Recorded information.
══════════

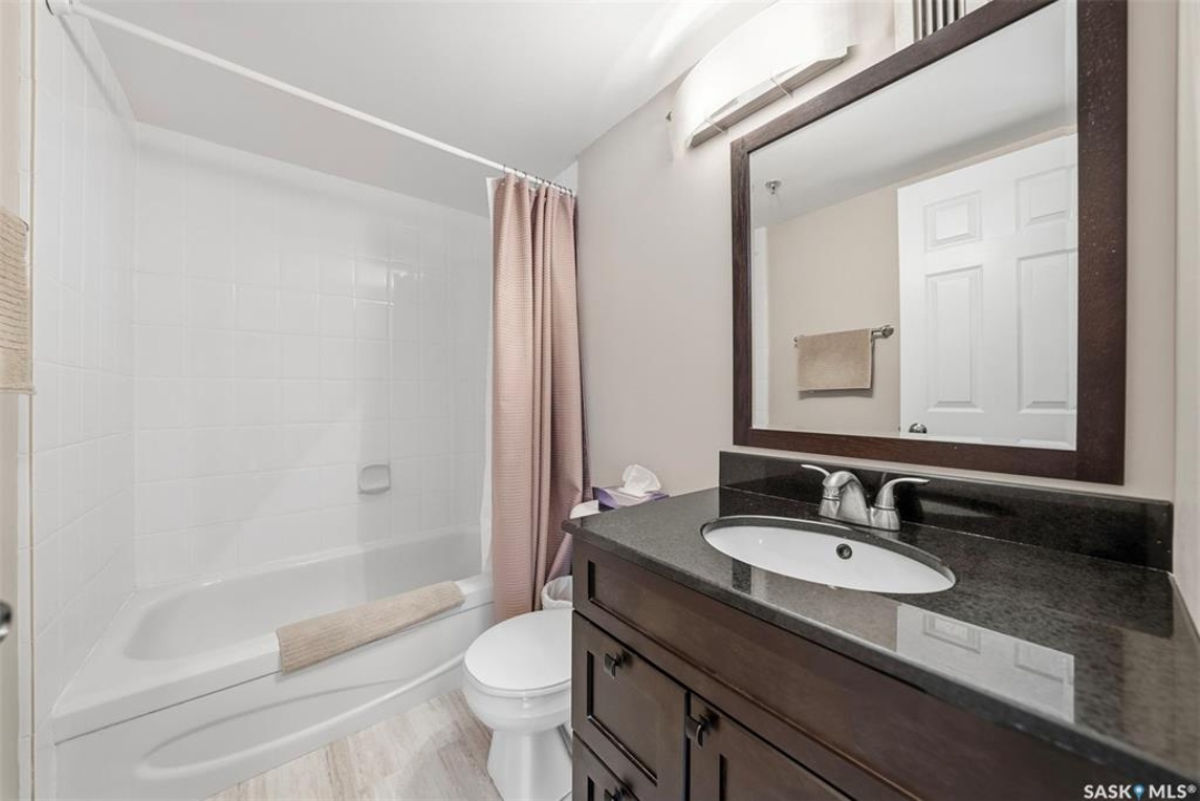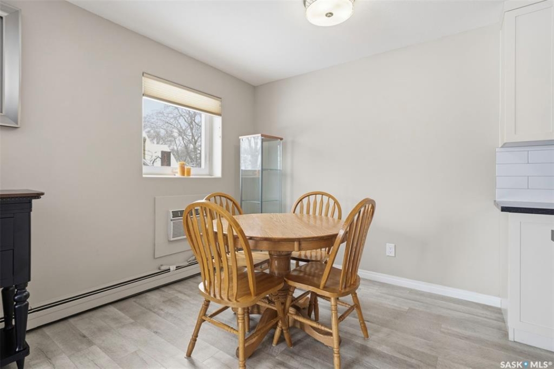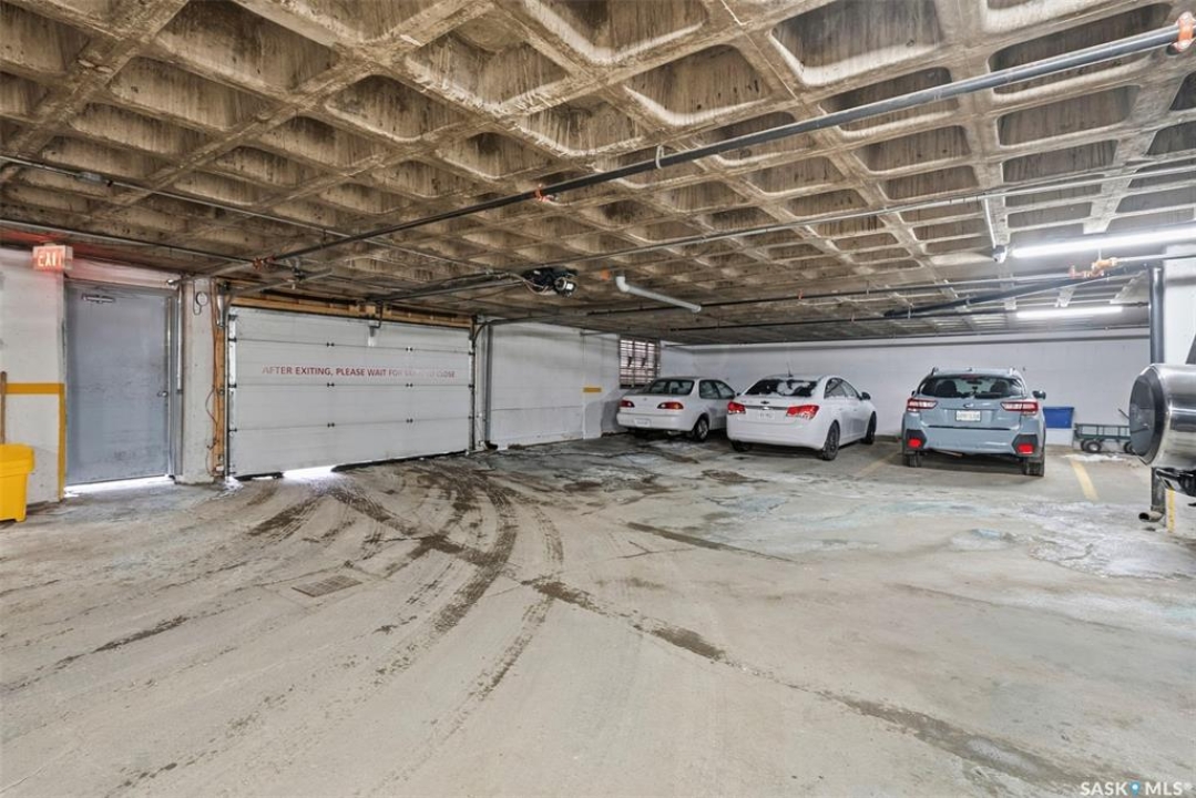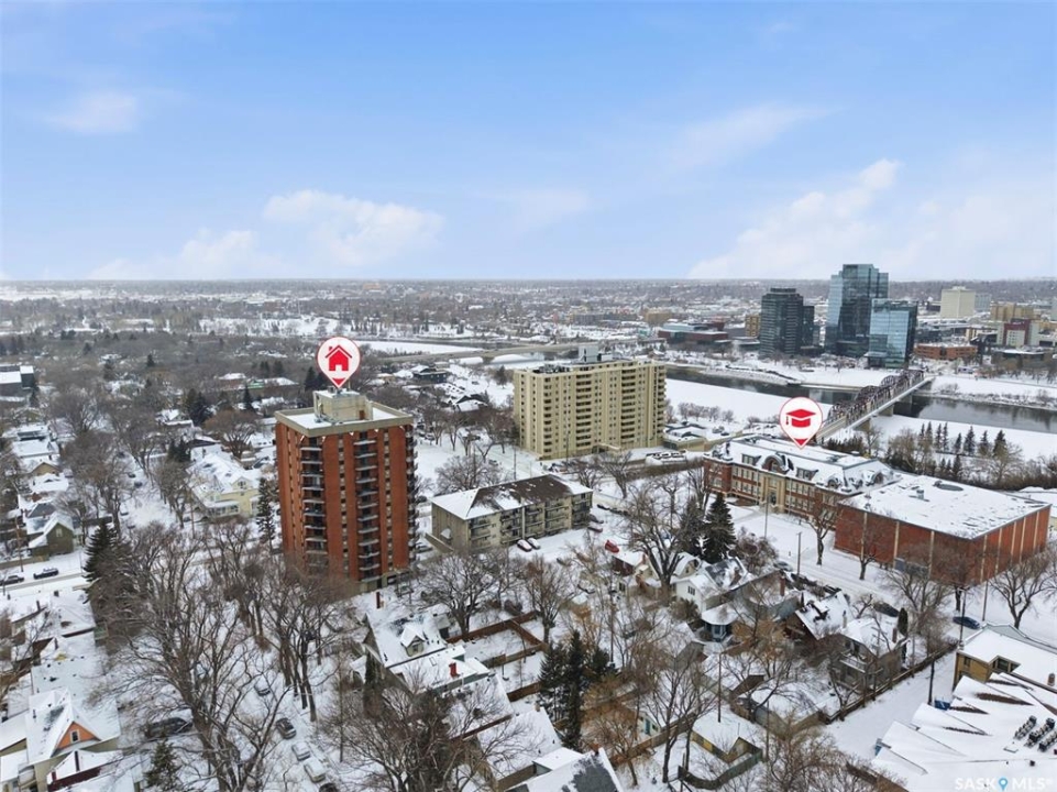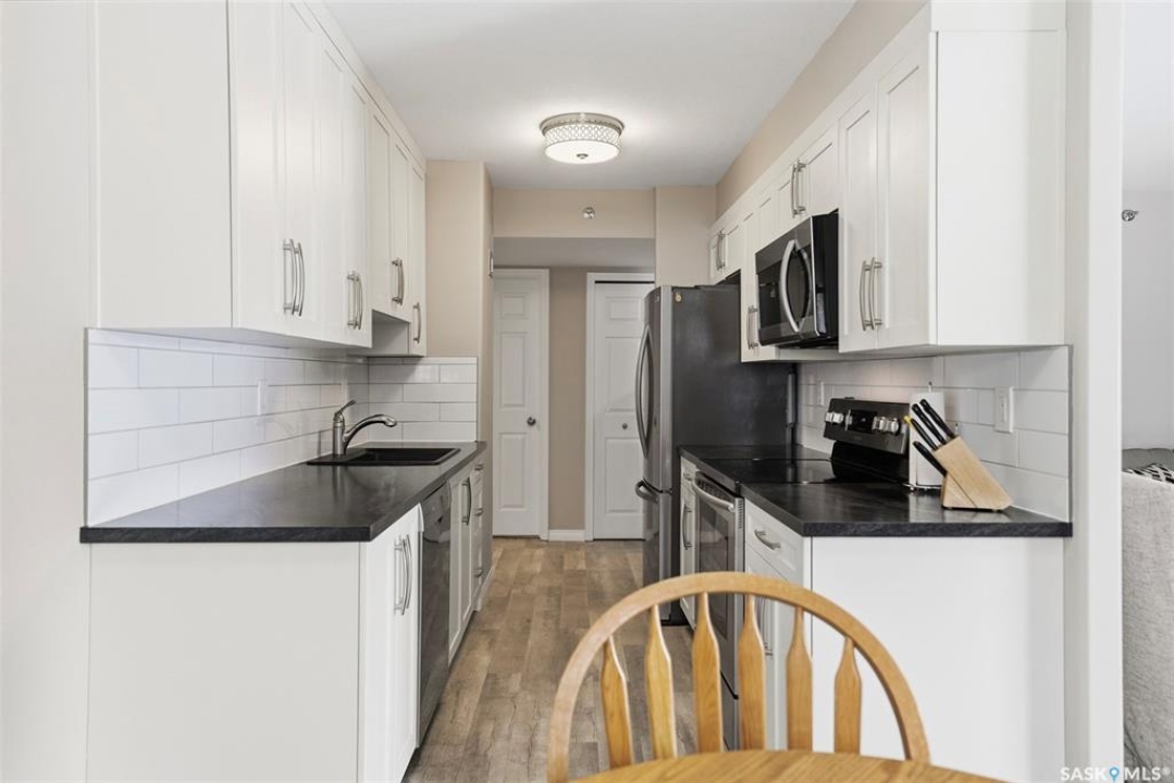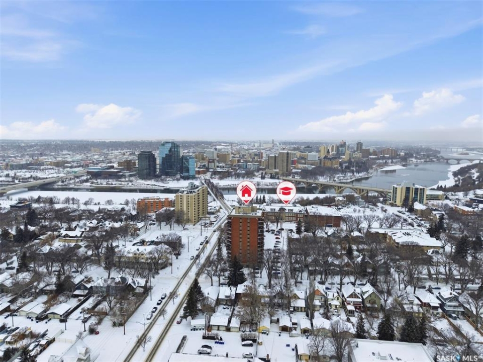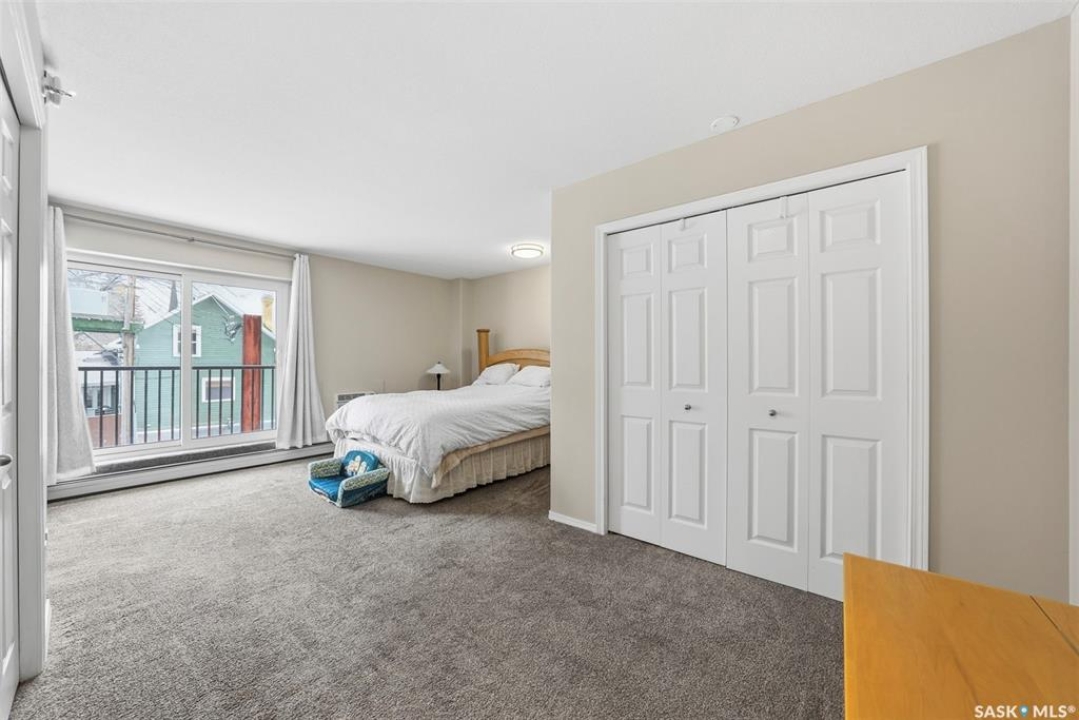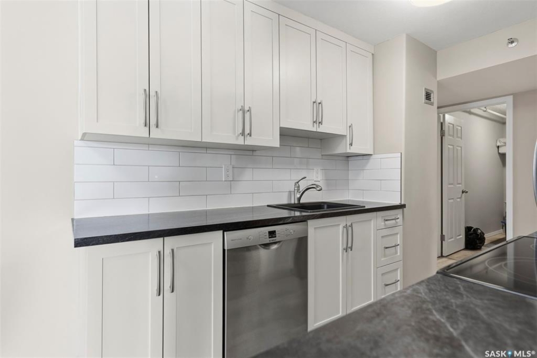 Amazing location on this fully renovated 2-bedroom, 2-bathroom condo in the heart of Nutana! This move-in-ready unit boasts two private balconies and two parking stalls for convenience and outdoor space. This unit has been updated in meticulous detail, including upgraded vinyl flooring and carpet throughout, refreshed lighting, trim, paint, baseboards, and doors. The kitchen has been completely redone with white cabinetry, a modern backsplash, upgraded countertops, and stainless steel appliances. The kitchen flows seamlessly into the dining area and living area. The large living room flows to the east facing deck, perfect for relaxing or entertaining. The primary bedroom is generously sized and includes double closets and a 4-piece en-suite, and its own private deck, while the secondary bedroom is also spacious and adjacent to the full main bathroom. A large laundry and storage room provide practical space for everyday living. Upgraded windows, doors, and blinds enhance the bright, open feel of the home, while a newer wall-mounted air conditioning unit keeps the space comfortable year-round. Residents enjoy building amenities such as a meeting room, gym, and sauna. The quiet, concrete building offers both privacy and durability. This building features recently replaced elevators and a redone entry and foyer. Ideally located just steps from the South Saskatchewan River, this condo is also close to restaurants, local shops, and the University of Saskatchewan. Perfect for those seeking a stylish, turn-key home in a vibrant, convenient neighborhood, this fully renovated Nutana condo is ready for you to move in and enjoy. Don't miss this opportunity to own a modern, updated condo in one of Saskatoon's most desirable areas!
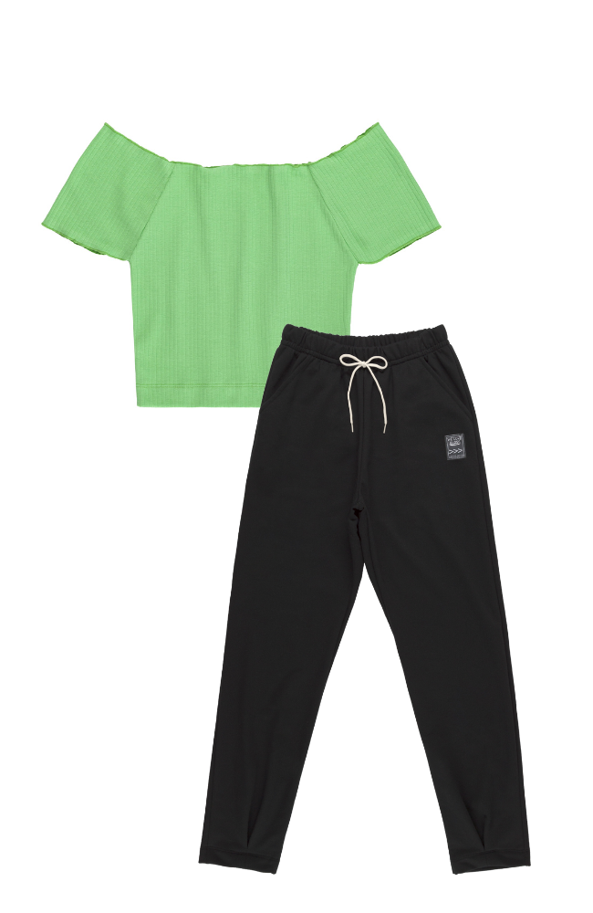 Green Off-Shoulder Crop Top & Black Sweatpants
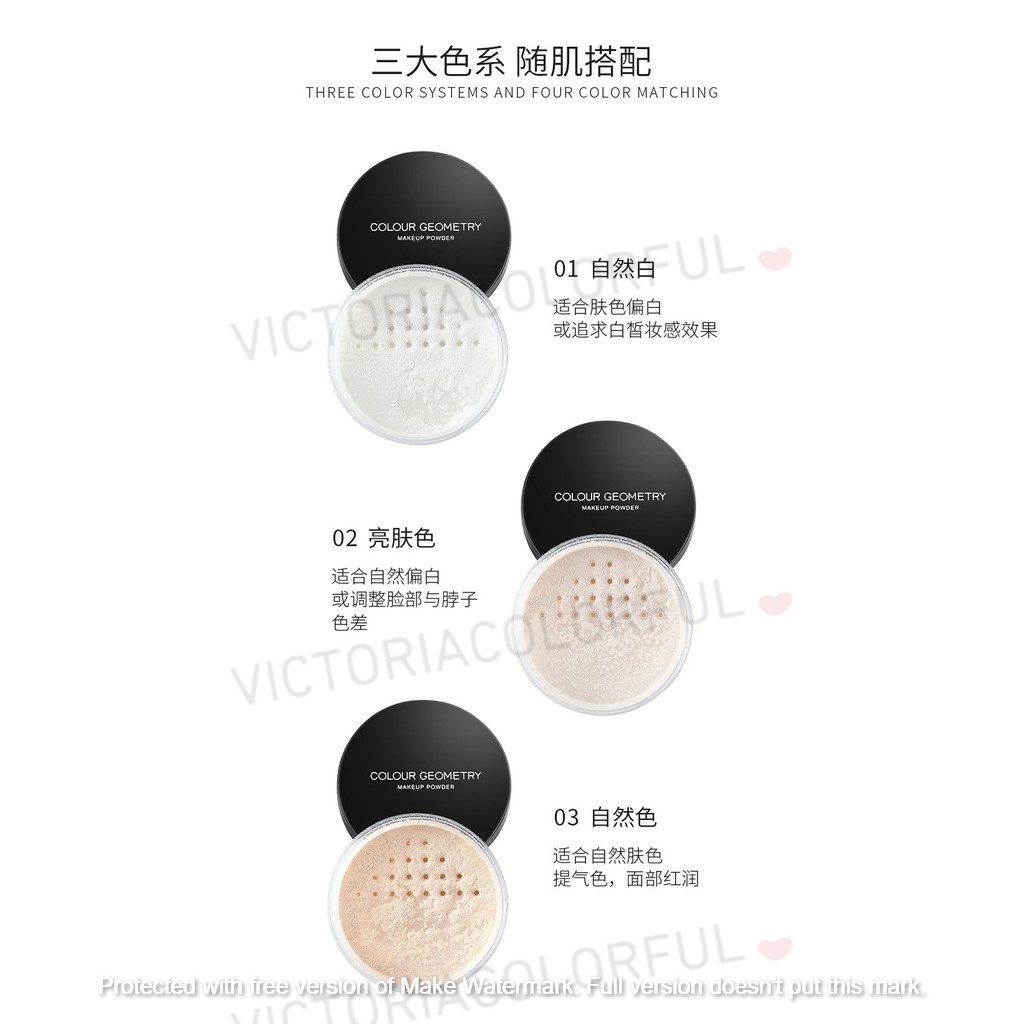 Bedak tabur yang dapat mengontrol minyak agak make up menjadi tahan lama dan menutupi pori-pori wajah agar keliatan lebih halus. Keunggulan : 1. Pengontrol minyak pada wajah, dengan formula ramah di kulit, mudah menghilangkan minyak berlebih dari kulit, efek make-up bertahan menyegarkan 2. Menggunakan bubuk powder yang alami, tekstur ringan 3. Empat macam warna, untuk warna kulit yang berbeda, membuat riasan bersinar secara alami 4. Bedak makeup berkualitas tinggi ini tidak akan menyumbat pori-pori dan membuat kulit Anda lebih sehat 5. Produk tidak mengandung bahan berbahaya dan tidak akan menyebabkan kerusakan pada kulit
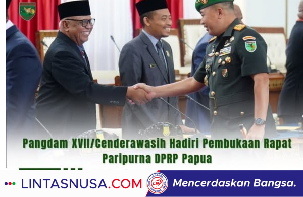 Papua – lintasnusa.com–Pangdam XVII/Cenderawasih Mayjen TNI Rudi Puruwito, S.E., M.M menghadiri Pembukaan Rapat Paripurna Dewan Perwakilan Rakyat Provinsi Papua bertempat di Kantor DPRP Provinsi Papua, Jayapura, Selasa (15/4/2025).

══════════

Your assignment. Each line above is to be duplicated exactly, and the pictures are to be omitted.

Exercise solution.
 Amazing location on this fully renovated 2-bedroom, 2-bathroom condo in the heart of Nutana! This move-in-ready unit boasts two private balconies and two parking stalls for convenience and outdoor space. This unit has been updated in meticulous detail, including upgraded vinyl flooring and carpet throughout, refreshed lighting, trim, paint, baseboards, and doors. The kitchen has been completely redone with white cabinetry, a modern backsplash, upgraded countertops, and stainless steel appliances. The kitchen flows seamlessly into the dining area and living area. The large living room flows to the east facing deck, perfect for relaxing or entertaining. The primary bedroom is generously sized and includes double closets and a 4-piece en-suite, and its own private deck, while the secondary bedroom is also spacious and adjacent to the full main bathroom. A large laundry and storage room provide practical space for everyday living. Upgraded windows, doors, and blinds enhance the bright, open feel of the home, while a newer wall-mounted air conditioning unit keeps the space comfortable year-round. Residents enjoy building amenities such as a meeting room, gym, and sauna. The quiet, concrete building offers both privacy and durability. This building features recently replaced elevators and a redone entry and foyer. Ideally located just steps from the South Saskatchewan River, this condo is also close to restaurants, local shops, and the University of Saskatchewan. Perfect for those seeking a stylish, turn-key home in a vibrant, convenient neighborhood, this fully renovated Nutana condo is ready for you to move in and enjoy. Don't miss this opportunity to own a modern, updated condo in one of Saskatoon's most desirable areas!
 Green Off-Shoulder Crop Top & Black Sweatpants
 Bedak tabur yang dapat mengontrol minyak agak make up menjadi tahan lama dan menutupi pori-pori wajah agar keliatan lebih halus. Keunggulan : 1. Pengontrol minyak pada wajah, dengan formula ramah di kulit, mudah menghilangkan minyak berlebih dari kulit, efek make-up bertahan menyegarkan 2. Menggunakan bubuk powder yang alami, tekstur ringan 3. Empat macam warna, untuk warna kulit yang berbeda, membuat riasan bersinar secara alami 4. Bedak makeup berkualitas tinggi ini tidak akan menyumbat pori-pori dan membuat kulit Anda lebih sehat 5. Produk tidak mengandung bahan berbahaya dan tidak akan menyebabkan kerusakan pada kulit
 Papua – lintasnusa.com–Pangdam XVII/Cenderawasih Mayjen TNI Rudi Puruwito, S.E., M.M menghadiri Pembukaan Rapat Paripurna Dewan Perwakilan Rakyat Provinsi Papua bertempat di Kantor DPRP Provinsi Papua, Jayapura, Selasa (15/4/2025).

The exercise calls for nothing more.